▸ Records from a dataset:
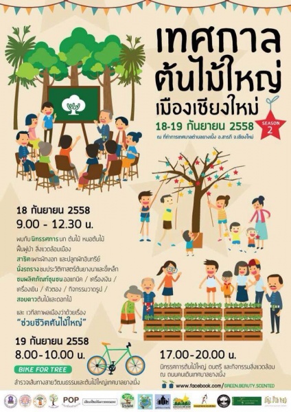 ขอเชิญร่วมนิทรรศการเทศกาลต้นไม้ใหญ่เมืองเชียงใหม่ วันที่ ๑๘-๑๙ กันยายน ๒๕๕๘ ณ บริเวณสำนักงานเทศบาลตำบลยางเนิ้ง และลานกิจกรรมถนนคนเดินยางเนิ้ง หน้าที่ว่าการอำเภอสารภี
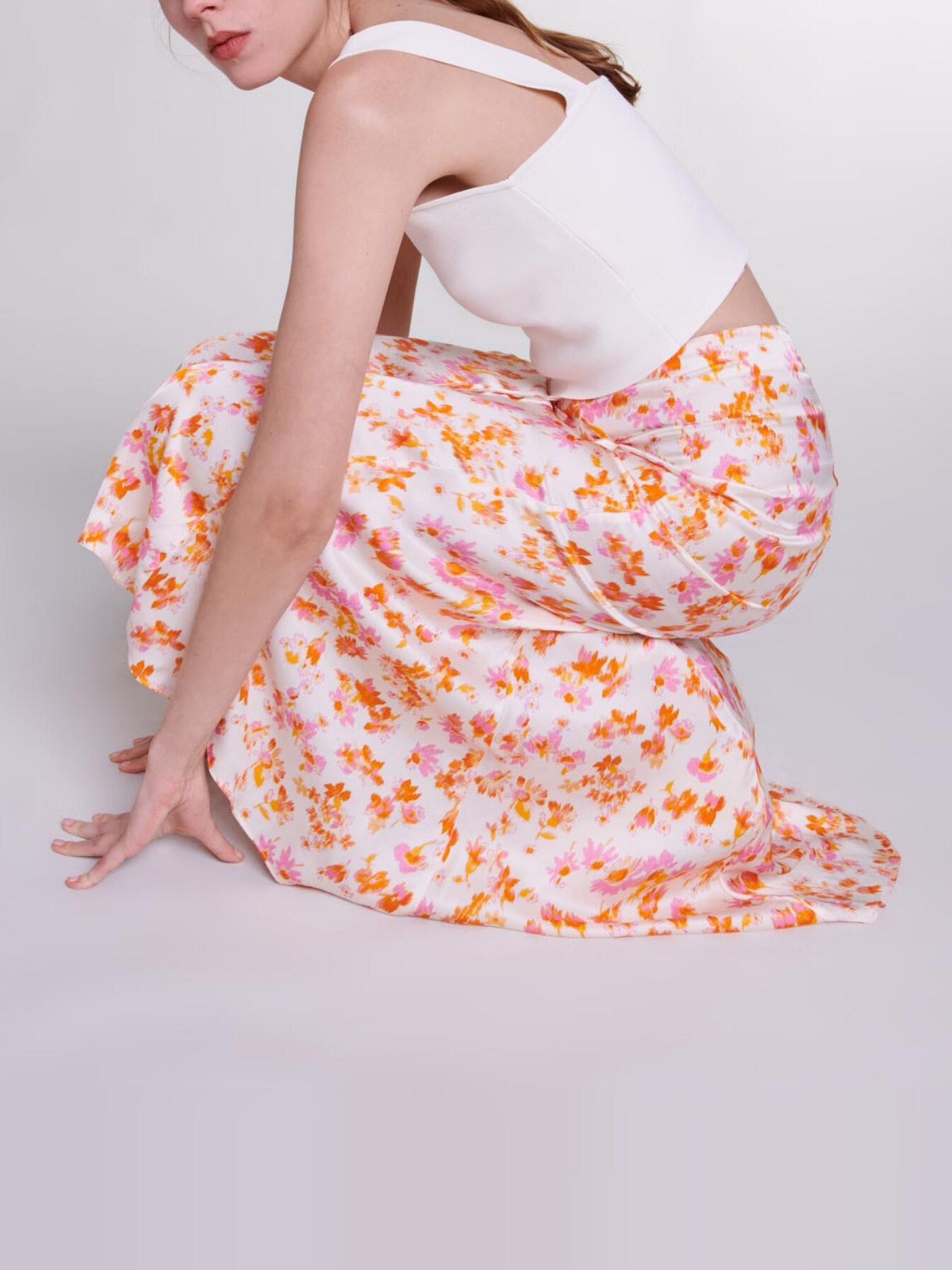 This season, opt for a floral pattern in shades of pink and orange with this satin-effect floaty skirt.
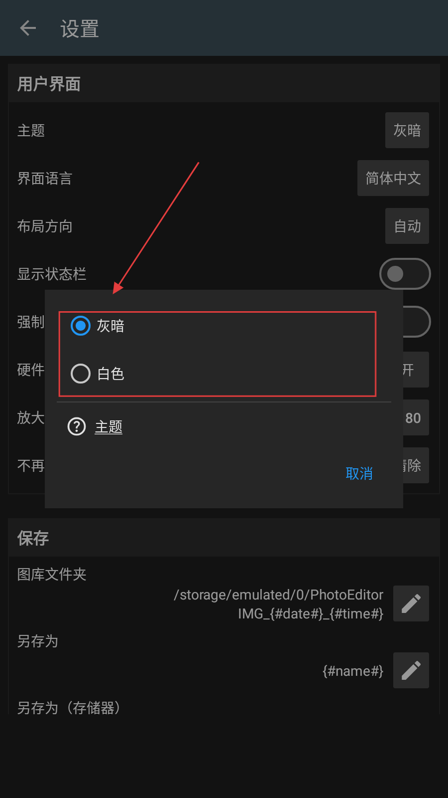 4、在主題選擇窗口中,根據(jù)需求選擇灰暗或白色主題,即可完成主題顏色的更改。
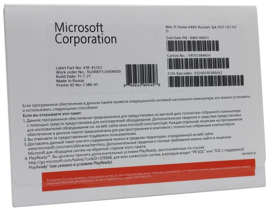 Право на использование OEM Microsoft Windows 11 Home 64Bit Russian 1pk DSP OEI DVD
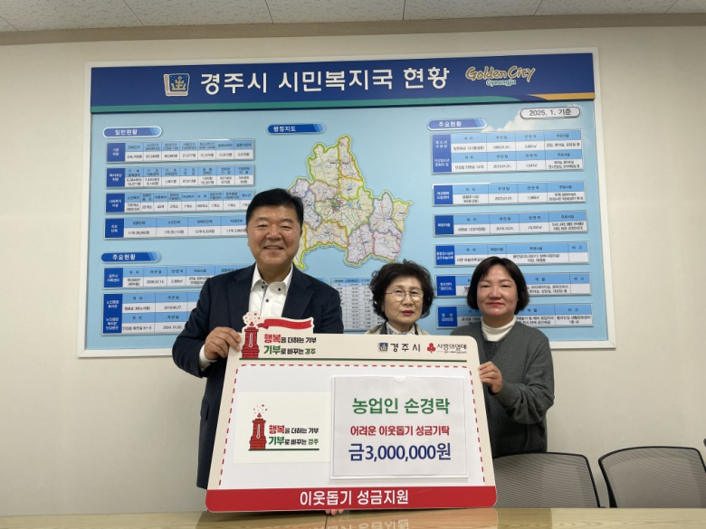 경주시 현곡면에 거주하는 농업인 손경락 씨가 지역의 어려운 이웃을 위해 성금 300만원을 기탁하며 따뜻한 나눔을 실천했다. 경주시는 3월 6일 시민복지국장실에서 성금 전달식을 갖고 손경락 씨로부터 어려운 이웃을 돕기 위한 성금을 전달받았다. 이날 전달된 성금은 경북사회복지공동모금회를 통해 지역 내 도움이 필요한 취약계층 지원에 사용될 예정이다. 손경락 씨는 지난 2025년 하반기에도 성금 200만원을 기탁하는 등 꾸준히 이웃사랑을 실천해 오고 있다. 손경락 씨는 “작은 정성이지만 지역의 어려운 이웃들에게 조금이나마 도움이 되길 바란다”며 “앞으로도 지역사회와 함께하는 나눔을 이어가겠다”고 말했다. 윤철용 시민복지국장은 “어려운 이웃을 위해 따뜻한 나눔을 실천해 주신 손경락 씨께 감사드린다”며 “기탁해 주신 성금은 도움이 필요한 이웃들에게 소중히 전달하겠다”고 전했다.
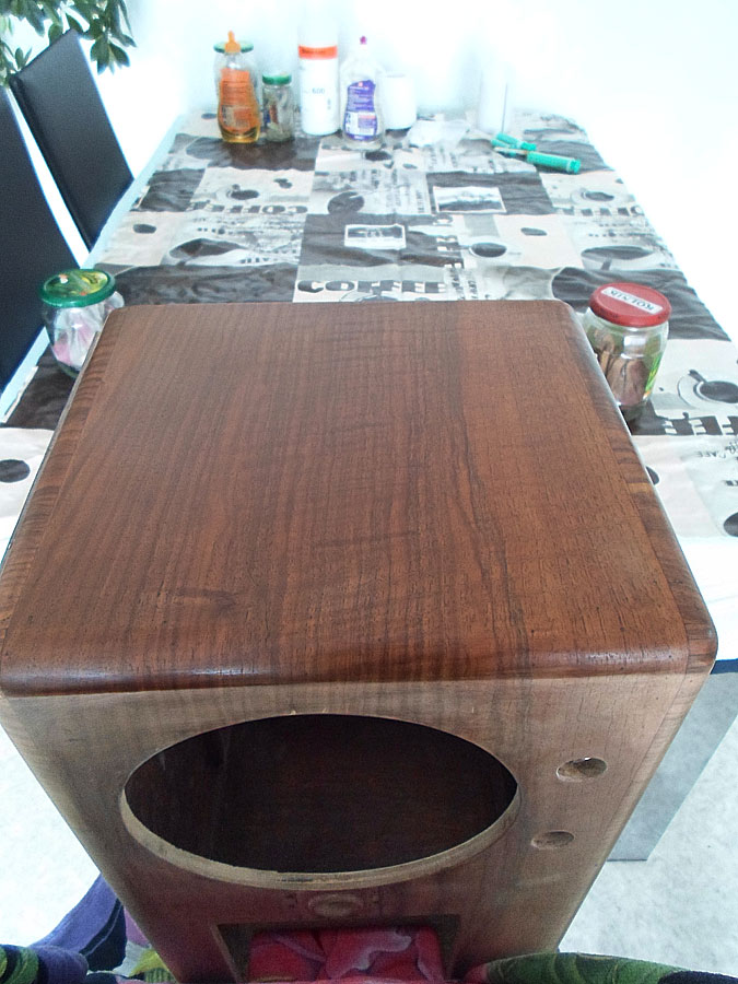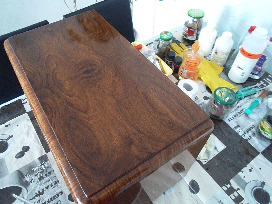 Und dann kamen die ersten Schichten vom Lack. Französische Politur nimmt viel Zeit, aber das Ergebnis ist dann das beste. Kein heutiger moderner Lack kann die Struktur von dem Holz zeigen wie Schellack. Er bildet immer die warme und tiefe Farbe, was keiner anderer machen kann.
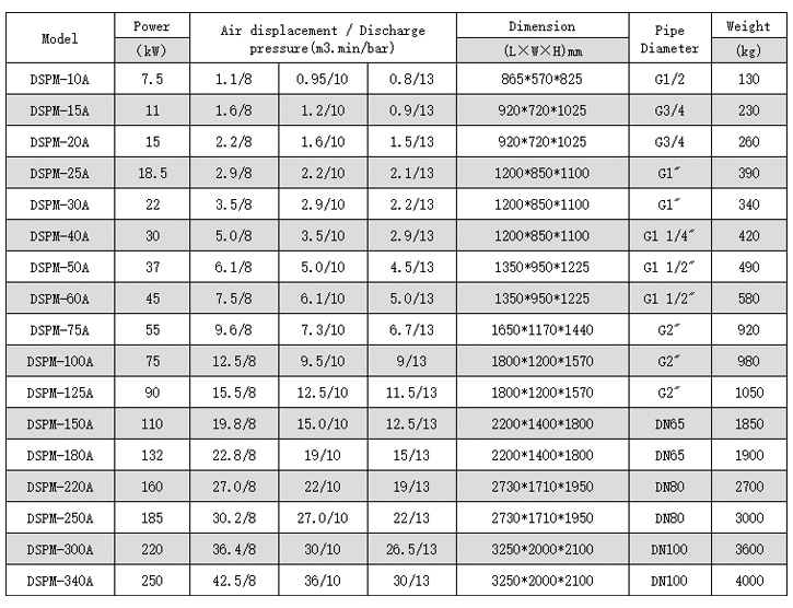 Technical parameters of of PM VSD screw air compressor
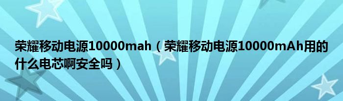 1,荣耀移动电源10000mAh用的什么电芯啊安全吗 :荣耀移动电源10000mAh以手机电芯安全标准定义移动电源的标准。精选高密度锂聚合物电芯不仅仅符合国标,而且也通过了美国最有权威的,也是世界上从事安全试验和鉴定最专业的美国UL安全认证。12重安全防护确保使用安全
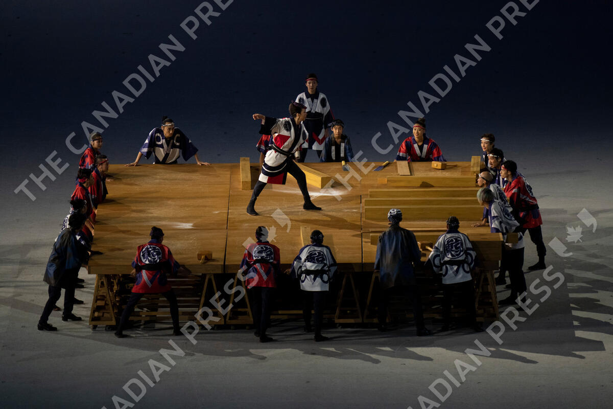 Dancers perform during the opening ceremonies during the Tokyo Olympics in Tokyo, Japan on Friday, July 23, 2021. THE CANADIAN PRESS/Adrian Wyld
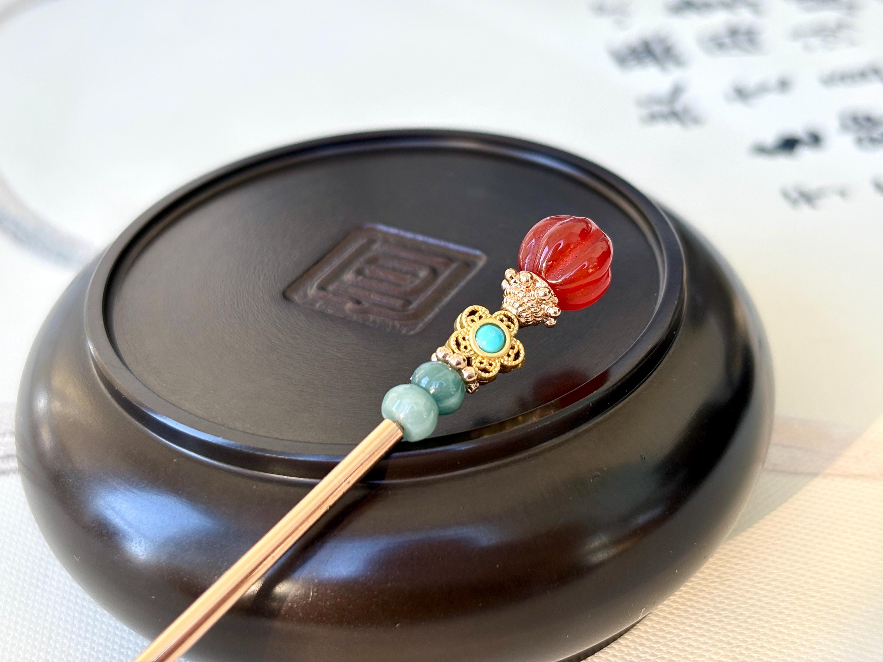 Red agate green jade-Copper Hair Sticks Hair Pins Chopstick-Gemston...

▸ Your goal: Transcribe exactly the span of lines that opens with the line holding "Право на использование" and closes with the last line of the entries above. Omit pictures.

▸ Result of this task:
 Право на использование OEM Microsoft Windows 11 Home 64Bit Russian 1pk DSP OEI DVD
 경주시 현곡면에 거주하는 농업인 손경락 씨가 지역의 어려운 이웃을 위해 성금 300만원을 기탁하며 따뜻한 나눔을 실천했다. 경주시는 3월 6일 시민복지국장실에서 성금 전달식을 갖고 손경락 씨로부터 어려운 이웃을 돕기 위한 성금을 전달받았다. 이날 전달된 성금은 경북사회복지공동모금회를 통해 지역 내 도움이 필요한 취약계층 지원에 사용될 예정이다. 손경락 씨는 지난 2025년 하반기에도 성금 200만원을 기탁하는 등 꾸준히 이웃사랑을 실천해 오고 있다. 손경락 씨는 “작은 정성이지만 지역의 어려운 이웃들에게 조금이나마 도움이 되길 바란다”며 “앞으로도 지역사회와 함께하는 나눔을 이어가겠다”고 말했다. 윤철용 시민복지국장은 “어려운 이웃을 위해 따뜻한 나눔을 실천해 주신 손경락 씨께 감사드린다”며 “기탁해 주신 성금은 도움이 필요한 이웃들에게 소중히 전달하겠다”고 전했다.
 Und dann kamen die ersten Schichten vom Lack. Französische Politur nimmt viel Zeit, aber das Ergebnis ist dann das beste. Kein heutiger moderner Lack kann die Struktur von dem Holz zeigen wie Schellack. Er bildet immer die warme und tiefe Farbe, was keiner anderer machen kann.
 Technical parameters of of PM VSD screw air compressor
 1,荣耀移动电源10000mAh用的什么电芯啊安全吗 :荣耀移动电源10000mAh以手机电芯安全标准定义移动电源的标准。精选高密度锂聚合物电芯不仅仅符合国标,而且也通过了美国最有权威的,也是世界上从事安全试验和鉴定最专业的美国UL安全认证。12重安全防护确保使用安全
 Dancers perform during the opening ceremonies during the Tokyo Olympics in Tokyo, Japan on Friday, July 23, 2021. THE CANADIAN PRESS/Adrian Wyld
 Red agate green jade-Copper Hair Sticks Hair Pins Chopstick-Gemston...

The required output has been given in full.